WHAT THE TASK REQUIRES: Restate word for word all of the lines below, with each image left out.

RAW DATA:
┌──
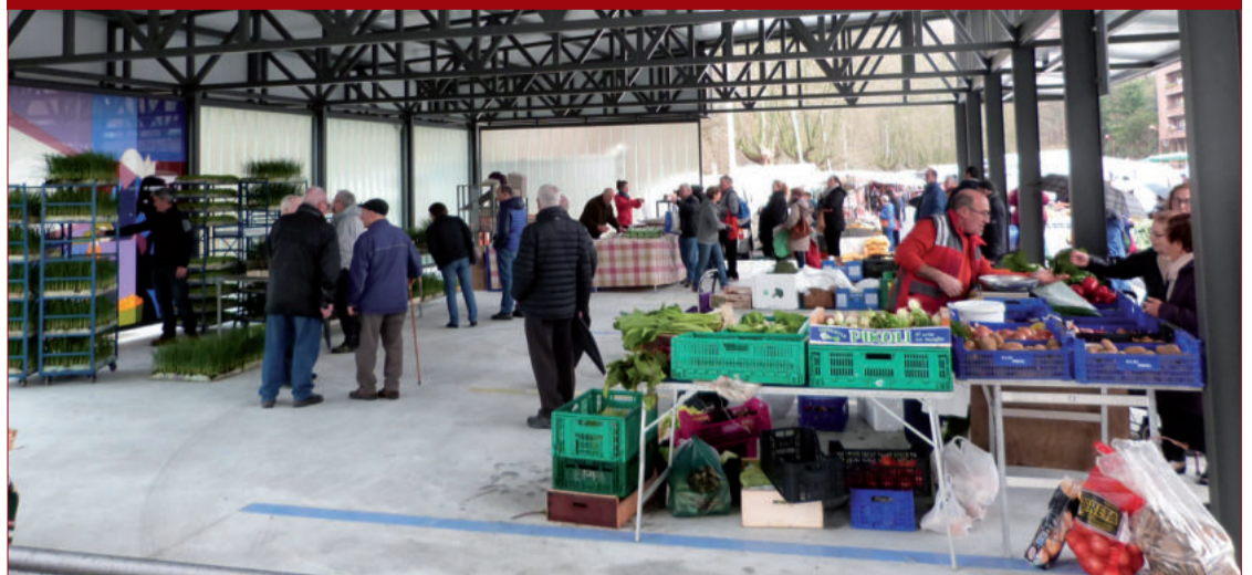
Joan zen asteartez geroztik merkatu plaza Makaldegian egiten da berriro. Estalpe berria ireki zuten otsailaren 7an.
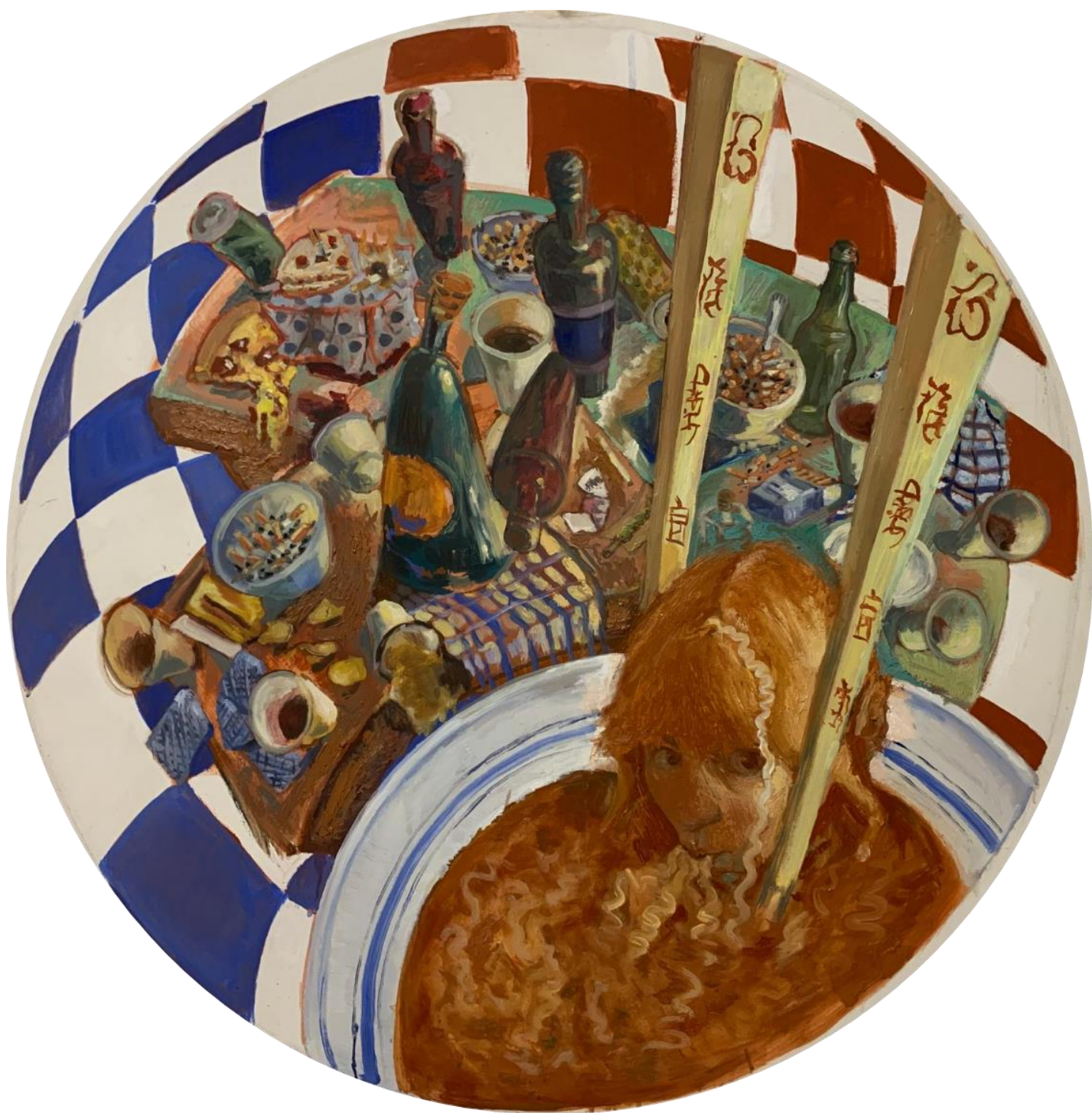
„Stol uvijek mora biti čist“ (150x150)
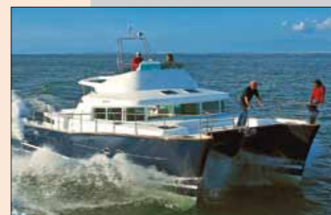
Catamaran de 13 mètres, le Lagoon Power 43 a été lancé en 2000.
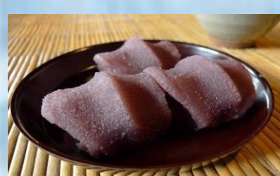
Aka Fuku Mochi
└──
WORKED SOLUTION:
Joan zen asteartez geroztik merkatu plaza Makaldegian egiten da berriro. Estalpe berria ireki zuten otsailaren 7an.
„Stol uvijek mora biti čist“ (150x150)
Catamaran de 13 mètres, le Lagoon Power 43 a été lancé en 2000.
Aka Fuku Mochi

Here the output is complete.